25 апреля 1865 года он принимает постриг в низший духовный сан и переселяется в Ватикан. Квартира его в двух шагах от Сикстинской капеллы. В его распорядке дня никаких перемен: встаёт в четыре часа — и за работу: писать ораторию «Христос», затем к заутрене, в капеллу.
Обнадёживающее письмо от Бюловых. Пишет сам Ганс — весело и успокоен по: 15 апреля 1865 года в Гааге дал премьеру листовской «Пляски смерти». Монументальная серия вариаций на средневековую тему «Dies irae», где могучую партию фортепиано исполнял сам Бюлов, имела потрясающий успех.
И ещё одно письмо — из Венгрии: там готовятся к двадцатипятилетию Национальной филармонии, основателем которой является Ференц Лист. Венгерские корифеи музыки понимают, что они должны как-то выразить свою признательность Листу. Когда рассеиваются клубы дыма, напущенного сердитыми статьями, общественность вдруг начинает понимать, что Листа никак нельзя отлучить от его родины. Габор Пронаи от имени филармонии сообщает, что они хотели бы юбилей отпраздновать премьерой «Легенды о святой Елизавете».
Ференц отвечает незамедлительно, одновременно высказав пожелание поручить перевод немецкого текста опытному переводчику и хорошему музыканту, а также обеспечить для постановки как отличных певцов, так и отличный оркестр. Вкусы публики в Пеште уже не прежние, и её больше не удовлетворяют импровизации, ей нужно серьёзное искусство.
Счастливое лето. 8 августа 1865 года он приезжает в Пешт, пешком отправляется в отель «Английская королева», но в сладком одиночестве побыть ему удаётся всего несколько минут. Тотчас же собираются Продай, Эркель, Абрани, а затем и исполнители главных ролей «Легенды». Импровизированный банкет. Репетиции.
А 12 августа — такой сюрприз, что его пребывание в Пеште превращается в настоящий праздник: приезжают Козима, Бюлов и Эдуард Лист.
О «Легенде» очень высокие отзывы. Приходит письмо из Веймара, где на август 1867 года намечена премьера.
За время празднеств у Ференца завязывается серьёзная дружба с бароном Йожефом Этвешем. Этвеш мыслит широко, философски, но он и практичный человек:
— Нам нужна консерватория. Иначе талантливая молодёжь в поисках школы уезжает за границу и там остаётся навсегда. Так мы потеряли Иоахима, Ремени.
Страна радуется Ференцу, на сцене — симфония «Данте» и «Марш Ракоци», в соборе — «Эстергомская месса», затем концерт цыганской музыки и неизменный благотворительный концерт. Ференц снова садится к роялю. Цены на билеты баснословные: пятьдесят форинтов за место.

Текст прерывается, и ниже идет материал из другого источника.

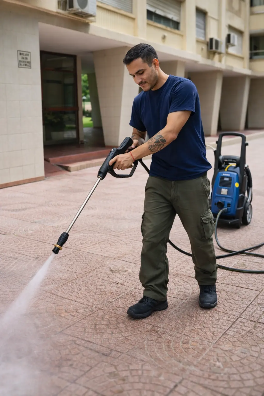 - Limpieza de paredes y suelos con hidrolavadora: Limpieza con hidrolavadora de baldosas, concreto y otras superficies resistentes, tanto interiores como exteriores..
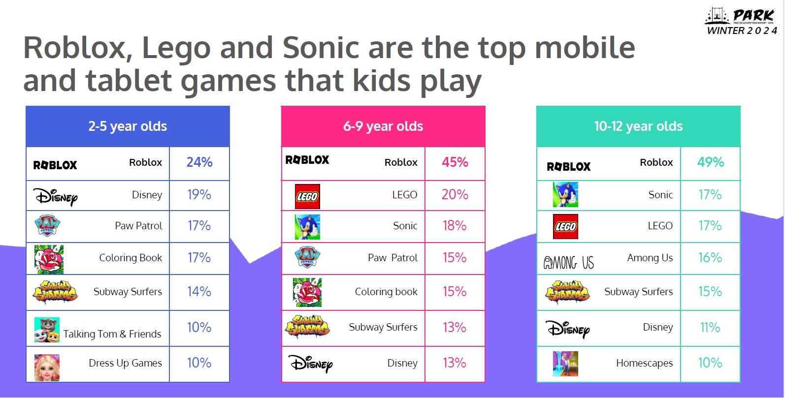 У 10-12 летних Lego и Sonic одинаково популярны. У представителей данной возрастной категории большой популярностью пользуются также игры Among Us (смесь детектива с фантастикой) и Homescapes российско-ирландской компании Playrix (про дворецкого Остина, восстанавливающего фамильный особняк).

Но страна наслаждается и примирением с монархом, которого собирается короновать венгерской короной. Уже забыты Арад, Вилагош, Куфштейн. Не вспоминают и о туринском отшельнике Кошуте. Буржуазия Венгрии ждёт не дождётся полной нормализации отношений с Австрией: тогда ей в карман потекут капиталы, на них проценты. Над этим примирением хлопочут все — от Дюлы Андраши до кардинала Щитовского.
Настоятель францисканцев в Пеште Агап Данк первым подаёт мысль, что «Мессу по случаю коронации» может написать единственный композитор в мире — Ференц Лист. Эта мысль нравится кардиналу Щитовскому, и он высказывает её в письме к Листу. Лист принимает предложение и готовится лояльно ответить на него достойным и короля и нации произведением.
Друг Листа Аугус везёт его вместе со всеми приятелями к себе, в имение Сексард, — на праздник сбора винограда — с народными гуляниями, зажаренным на вертеле быком и концертом в барском доме при открытых окнах, чтобы вся округа могла услышать Листа и Ремени.
Едва вернулся в Рим — новое письмо в конверте с траурной рамкой. Из Парижа. Умерла мать, Анна Лист, на семьдесят восьмом году жизни.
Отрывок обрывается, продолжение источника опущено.